[antlr-interest] need help with predicates

Thu Aug 9 09:45:43 PDT 2007

On 8/10/07, Andy Tripp <antlr at jazillian.com> wrote:
> The language I'm parsing, visual basic, lets an identifier have a '!'
> suffix:
>
> Identifier:
>     '['? LETTER (LETTER| DECIMAL_LITERAL)* ('%'|'#'|'$'|'&'|'!')? ']'?
>     ;
>
> But it also lets you use '!' as a "separator" the way C/C++/Java/etc.
> use '.'
> In the midst of a hierarchy of rules dealing with expressions, I have
> this rule:
>
> dotOpExpression:
>     unaryOps (
>           DOT^ dotOperand?
>         | BANG^ anyName?
>         )*
>     ;
>
> Here, the unaryOps, dotOperand, and anyName rules all eventually refer
> to Identifier.
> So the problem is that during the dotOpExpression processing, the
> unaryOps consumes
> the Identifier, including the '!'. So in trying to match "a!b", it
> fails, because it took "a!"
> as the Identifier and couldn't match the rest.
>
> So one solution is to take the '!' out of the Identifier rule, perhaps
> now calling it IdentifierNoBang,
> and then have alternative versions of other rules (unaryOpsNoBang,
> dotOperandNoBang, anyNameNoBang, etc).
> But that would be a huge mess.
>
> It seems like a syntactic predicate with "backtrack=true" should work
> here, but I can't quite see how.
> I want to say, in dotOpExpression, "try to match this pattern, but if
> that doesn't work, try again, but this
> time don't allow a '!' at the end of unaryOps". I can't see how to do
> that without all that rework to
> remove the '!' from Identifier.
Syntactic predicates only help ANTLR decide between alternatives, so
you still need to be able to specify the alternates as standard rules.
So you need some way to a specify an identifier with or without bang.
Apart from duplicated rules the option is a gated semantic predicate
with either a field or a rule parameters or a scope.
I think with a field you might run into nesting issues, though not sure there.
With parameters:
dotOpExpression
    :    (identifier[false] BANG identifier[true])=>identifier BANG
dotOpExpression
    |    unaryOps (DOT^ dotOperand?)
    ;

identifier[boolean allowBang]
    :    'a'..'z'+
        (    {allowBang}?=>BANG
        |    // Epsilon
        )
    ;

Though then you have to always pass allowBang to your identifier rule,
and will need to pass it down through various rules to get to
identifier.

You might be able to use scopes, but I think then you'd need to put
them in a rule that all calls to identifier went through or else they
wouldn't exist.

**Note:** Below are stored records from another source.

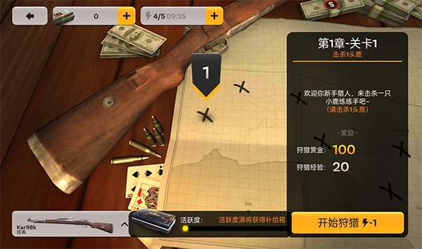 2、点击“开始狩猎”,选择想挑战的关卡与目标动物。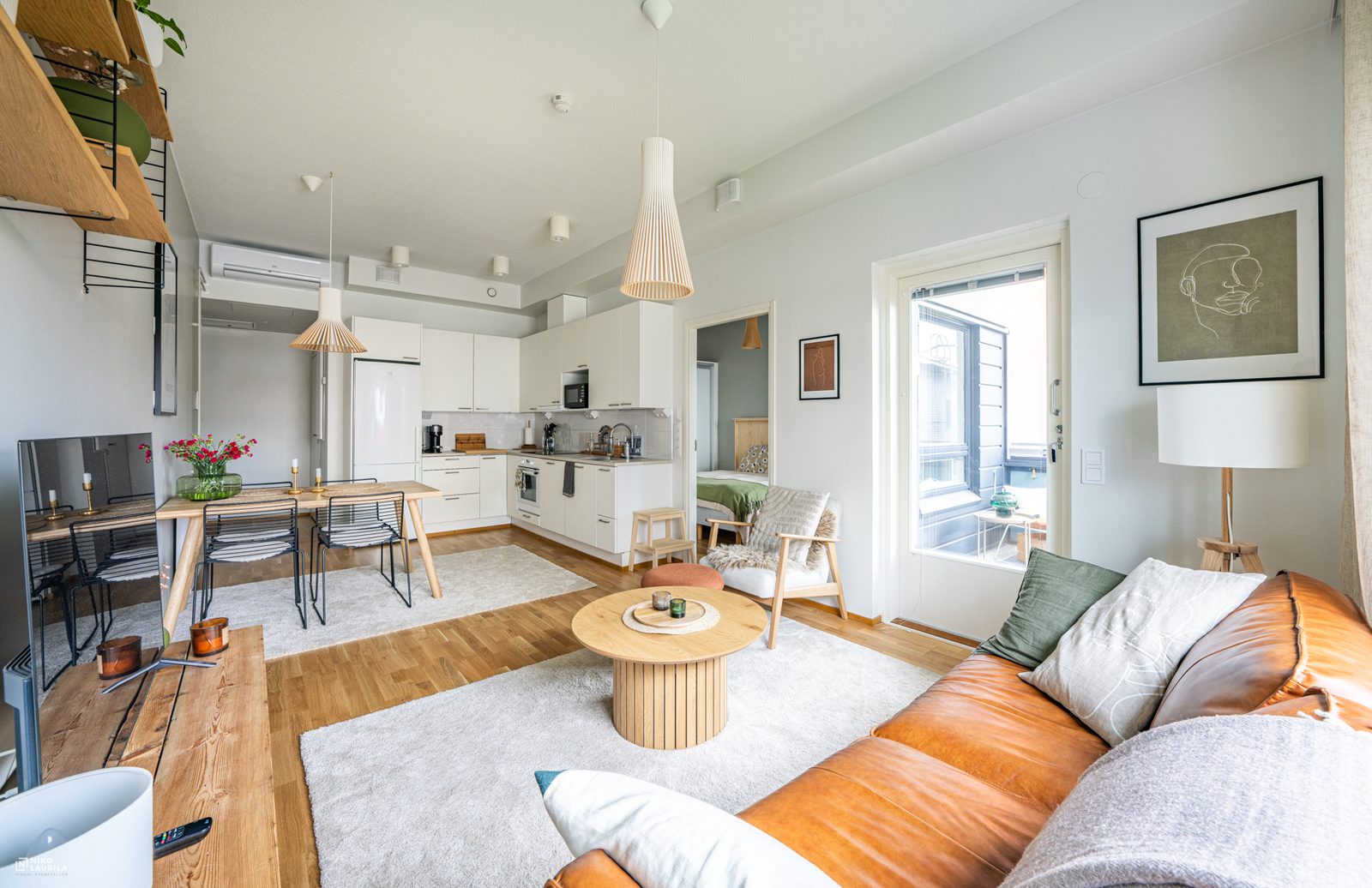 Seinät (maali), lattiat (parketti), Olohuoneessa ilmalämpöpumppu viilennykseen ja käynti lasitetulle parvekkeelle. |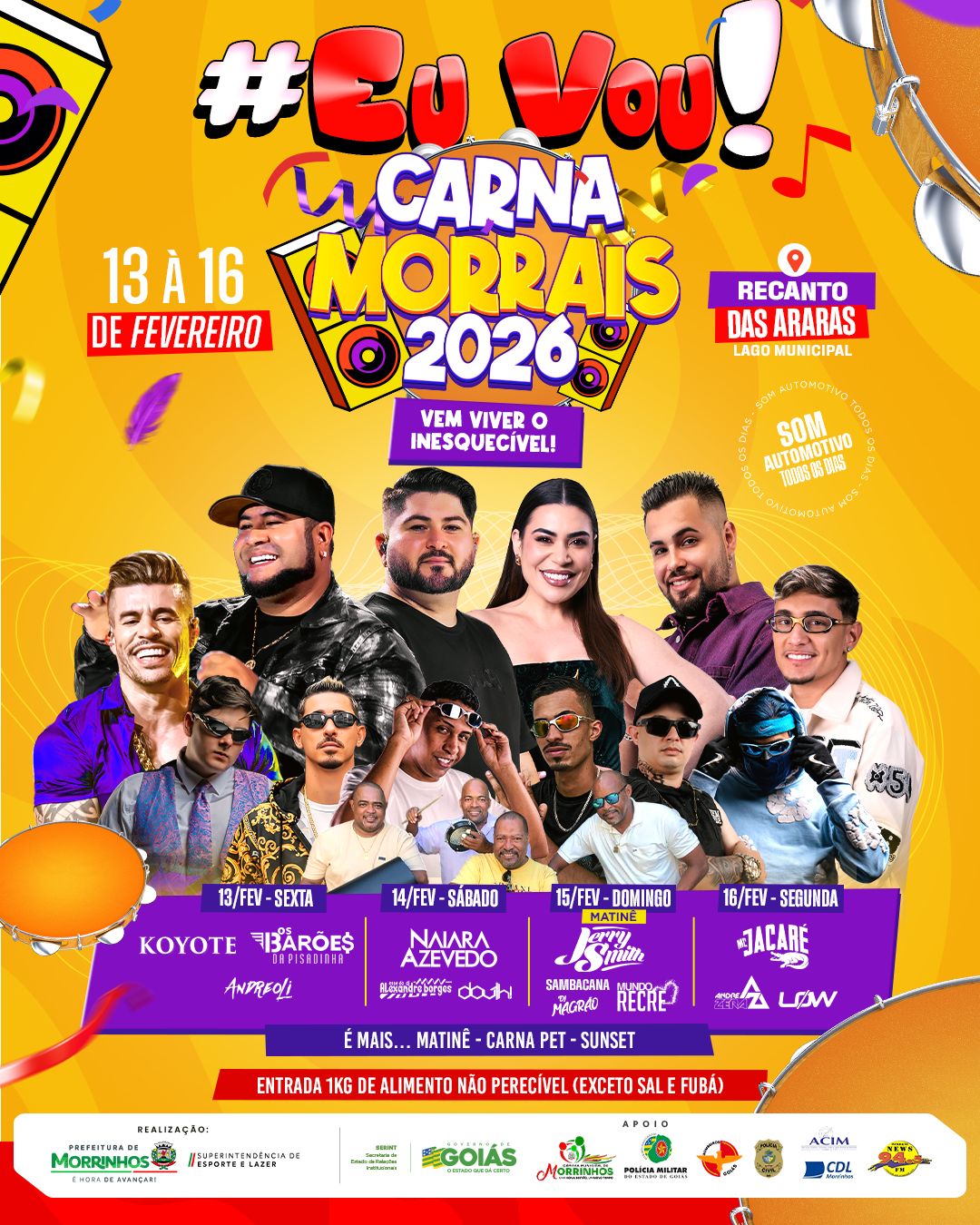 A Prefeitura de Morrinhos promove, entre os dias 13 e 16 de fevereiro, a edição 2026 do Carna Morrais, evento que integra o calendário oficial do município e deve receber público estimado em mais de 30 mil pessoas ao longo de quatro dias no Lago Recanto das Araras. Com início das atrações noturnas a partir das 20 horas, a programação reúne artistas de projeção nacional, ações de segurança pública, atividades para famílias e arrecadação de alimentos para a rede de assistência social.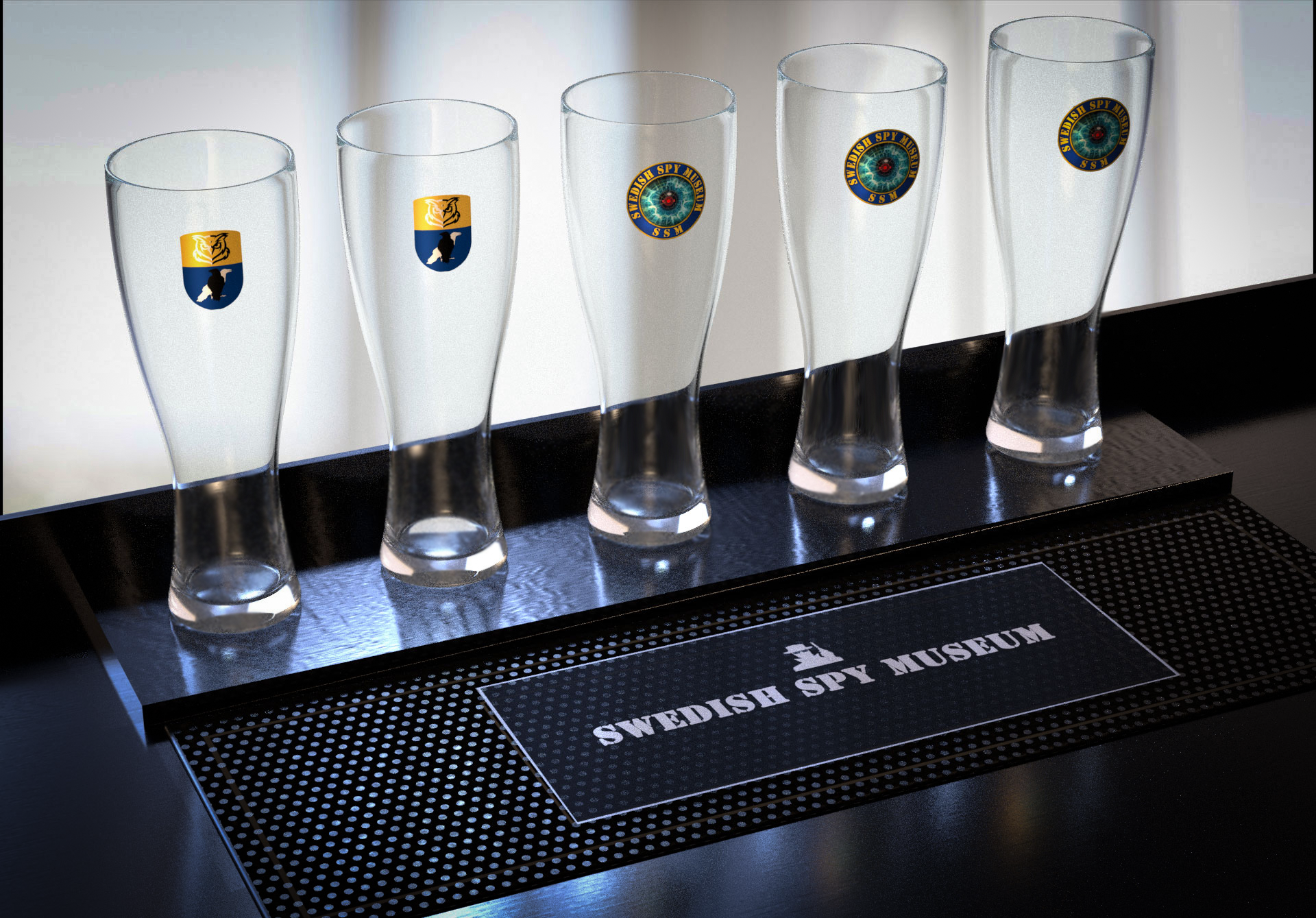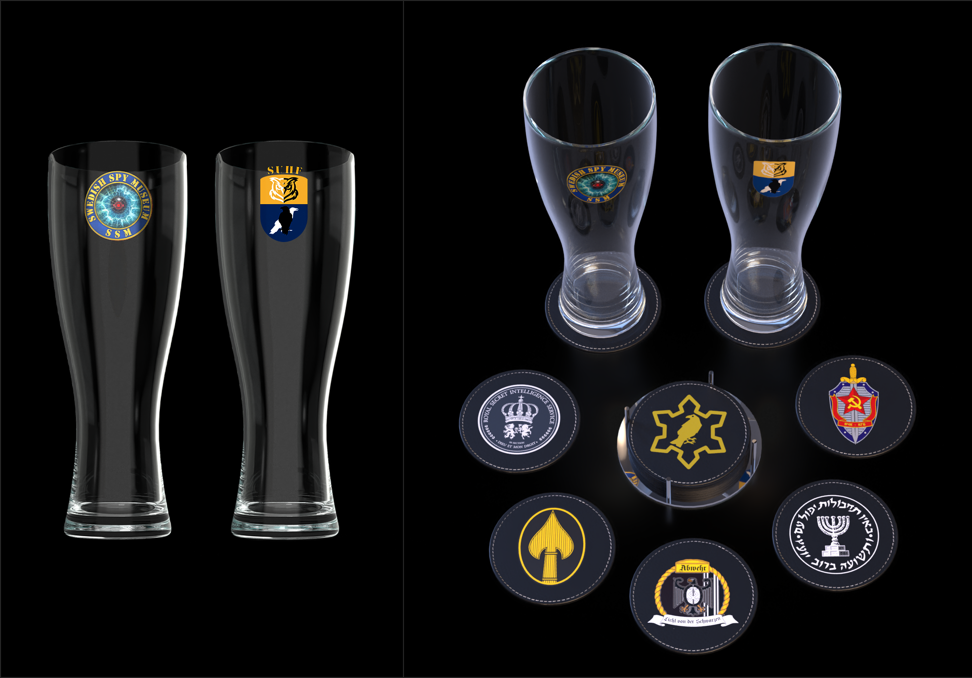 3D glass & coaster-sets created to showcase Swedish Spy Museum's profile product idea for dedicated web shop.

So, I don't think dynamic scopes are suitable (I
assume there is access to identifier not through dotOpExpression).
Maybe you could add:
scope IdentiferBang {
boolean allow;
}
Then do:
start
scope identifierBang;
@init {
    identifierBang::allow = true;
}
    :    ...
    ;

dotOpExprssion
scope identifierBang;
    :   { identifierBang::allow = false; }
        (unaryOps BANG anyName)=>unaryOps BANG^ dotOpExpression
    |   { identifierBang::allow = true; }
        unaryOps (DOT^ dotOperand?)
    ;

identifier
    :    'a'..'z'+
        (    { identifierBang::allow }?=>BANG
        |    // Epsilon
        )
So if there's a call to dotOpExpression on the way to identifier it
will get that copy of the scope, otherwise it will get the default
copy of the scope from the start rule.
Not especially clean, but it might work in lieu of a nicer solution.

Tom.
>
> Any ideas?
> Thanks,
> Andy
>
>
>
>
>